Hey guys, these are some pictures from our band's photo shoot we did a few weeks ago. Band's name is "41 Gorgeous Blocks" (anyone know what book the name came from?) If you get it right, I'll send you an album! Haha! 

Me on toy drums.







Me on left.






Weird face picture.






-Matt


----------



## Yvonne G (Oct 28, 2010)

That's pretty cute. Do you play instruments similar to the toy ones? I mean, do you play drums, etc.


----------



## Isa (Oct 28, 2010)

Nice pics! What kind of music are you playing?


----------



## Skyler Nell (Oct 28, 2010)

Awesome!
Unfortunately I don't know where the line comes from.
But your music is fantastic!!
I really like falling asleep 
btw I'm learning to play the drums right now,
still working on quarter and eighths
Keep it up!


----------



## DeanS (Oct 28, 2010)

I hear IFC is auditioning for a new crew of WHITEST KIDS YOU KNOW! Wait a minute! Is this the same 41GP that did a video a few years back called MOOT or MOOT POINT or something like that! We were doing a Youtube search for The Strokes and Black Keys stuff and my son wanted me to check out that song...it was MOOT POINT, now that it comes back to me...but that was like 2006 or 2007 I think! Is that you guys...I gotta jump on youtube...be back!



matt41gb said:


> Hey guys, these are some pictures from our band's photo shoot we did a few weeks ago. Band's name is "41 Gorgeous Blocks" (anyone know what book the name came from?) If you get it right, I'll send you an album! Haha!



Simple!
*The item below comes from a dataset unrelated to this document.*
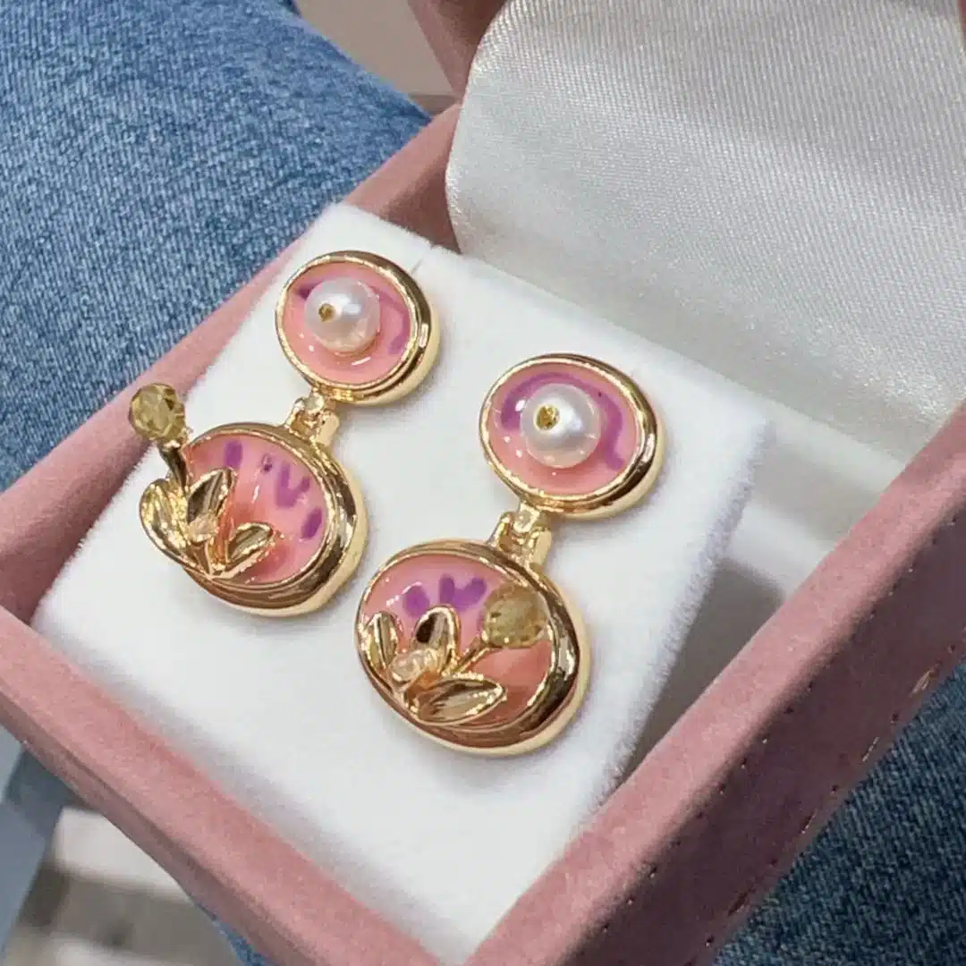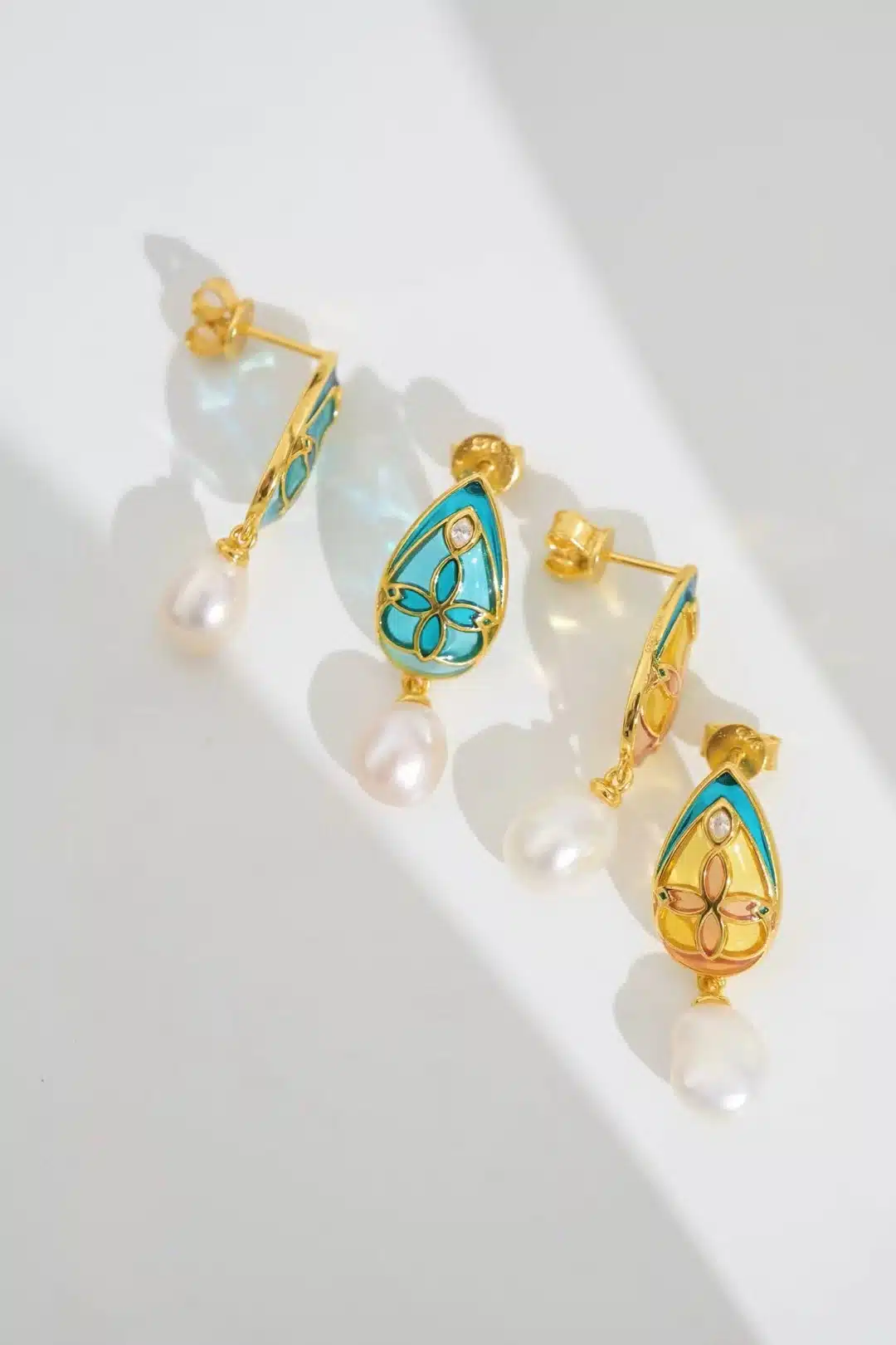 Discover a stunning collection of classic and contemporary earrings, perfect for every occasion. Choose from timeless diamond studs, elegant pearls, vibrant enamel hoops, and colorful gemstone earrings. Available in sleek silver and luxurious 18k gold etc., our selection offers the ideal accessory to elevate your style.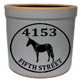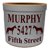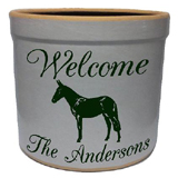 The mule personalized crock is deeply etched and then hand painted. It is available in burgundy, navy, green, red and black.

Since GNR did a song of the same title...and YES! I still dig GNR (call me a glutton for punishment) and I though the book was very good.

*CATCHER IN THE RYE!  *


----------



## matt41gb (Oct 28, 2010)

emysemys said:


> That's pretty cute. Do you play instruments similar to the toy ones? I mean, do you play drums, etc.




Yes, I've been playing drums since 94'. I love it!
-Matt




Skyler Nell said:


> Awesome!
> Unfortunately I don't know where the line comes from.
> But your music is fantastic!!
> I really like falling asleep
> ...



Thanks Skyler! Drums are the best. It's hard to write a song on drums, but they are the most challenging in my opinion. Keep up the playing!

-Matt



DeanS said:


> I hear IFC is auditioning for a new crew of WHITEST KIDS YOU KNOW! Wait a minute! Is this the same 41GP that did a video a few years back called MOOT or MOOT POINT or something like that! We were doing a Youtube search for The Strokes and Black Keys stuff and my son wanted me to check out that song...it was MOOT POINT, now that it comes back to me...but that was like 2006 or 2007 I think! Is that you guys...I gotta jump on youtube...be back!
> 
> 
> 
> ...





Yes, that was us! We did Moot Point back in 2005. Glad you found us. 

It looks like you guessed the right book!! Send me your address and I'll mail you our new album that comes out next month.


----------